Observations from a modestly elevated perspective on economics, global politics, finance and a few other issues, delivered as quick commentaries (prefaced with"AOK") on selected items posted elsewhere by those wiser, or at least more diligent, than myself.

Tuesday, October 12, 2010

Canada's Debt Reduction is not an applicable model for the US today

AOK - A quick article with two great graphics; basically the message to the US and other countries looking to the Canadian mid-90's debt reduction for guidance is: has to be at the right time and with space for monetary policy offsets, neither of which applies to the developed country situations today.

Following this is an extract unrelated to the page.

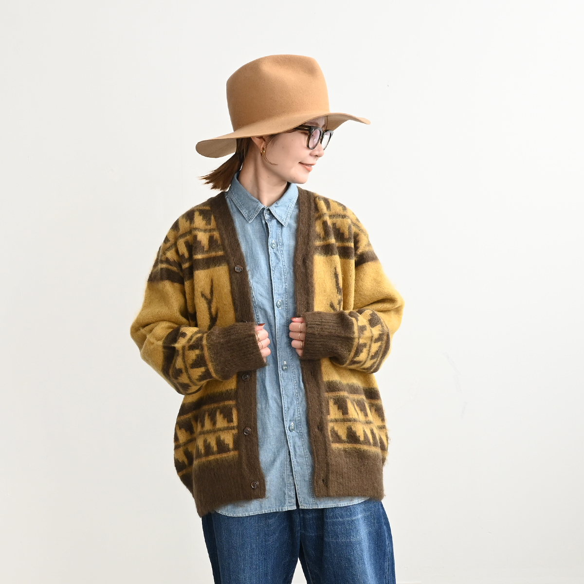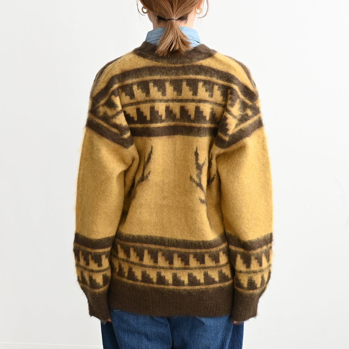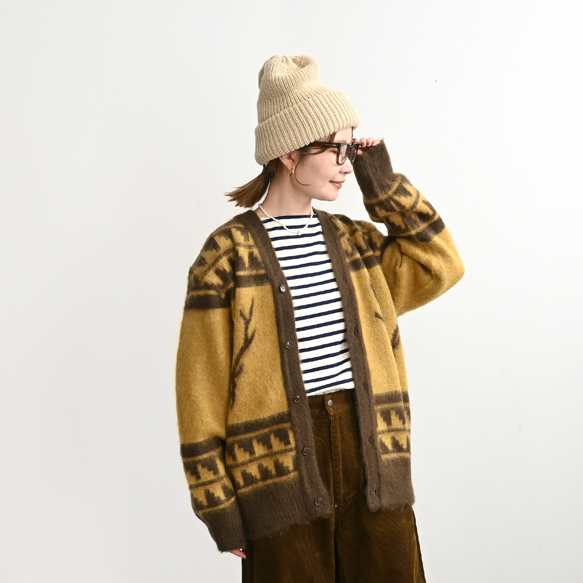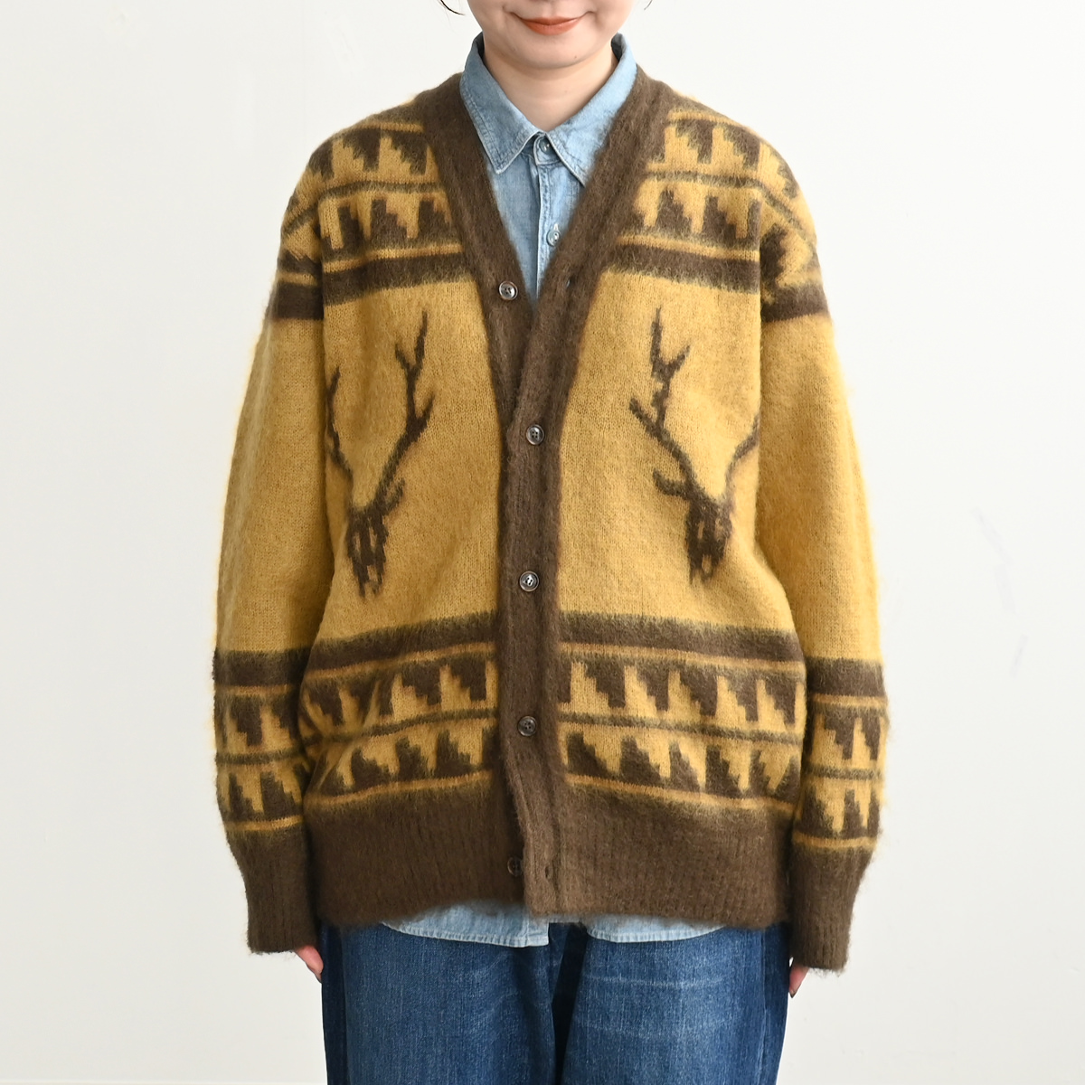 発色の良いモヘアで制作された、個性的なVネックカーディガンです。

"Canada's Budget Triumph" - some additional context for the US

David Henderson of GMU has a working paper (h/t Tyler Cowen) on the story of how Canada's federal government solved its budget balance woes during the latter half of the 1990's, with almost no apparent ill effects. Much of the paper sets out the political context that made this possible, and is very useful in that respect.
Less convincing is the suggestion that Canada's experience can be used as a template for a US austerity program in the short term. The paper misses two important points, both crucial to Canada's success, and neither currently applicable to the US.
1) Austerity wasn't implemented during the recession.
Henderson suggests that "the Canadian experience does not support the Keynesian view that policymakers should not cut government spending during an economic slowdown." In point of fact - and it remains an open question in my mind whether this was by luck or by design - Paul Martin's famous austerity budget of 1995 was brought down at a point when private-sector employment had reached its pre-recession levels:



If we're going to apply our model to our cousins to the south, then we're going to have to wait a couple of years before US employment comes back.

2) Monetary policy could and did offset the fiscal contraction.
Henderson hardly mentions monetary policy, except to note that inflation was low and stable, and that by February 1995, the CAD had depreciated to USD 0.71. But there's much more to the story than that:




In the two years following the 1995 budget, the Bank of Canada reduced interest rates by more than 500 basis points. And by 1999, the Canadian dollar had depreciated by 10% in USD terms, fueling the export-led expansion.
Of course, we all know that the Fed doesn't have 500 basis points to give away, and engineering a depreciation of the US dollar is proving to be no small task.
Given these two very important differences, I don't see how Canada's experience of the 1990's can be used as a reliable guide for the current-day US economy.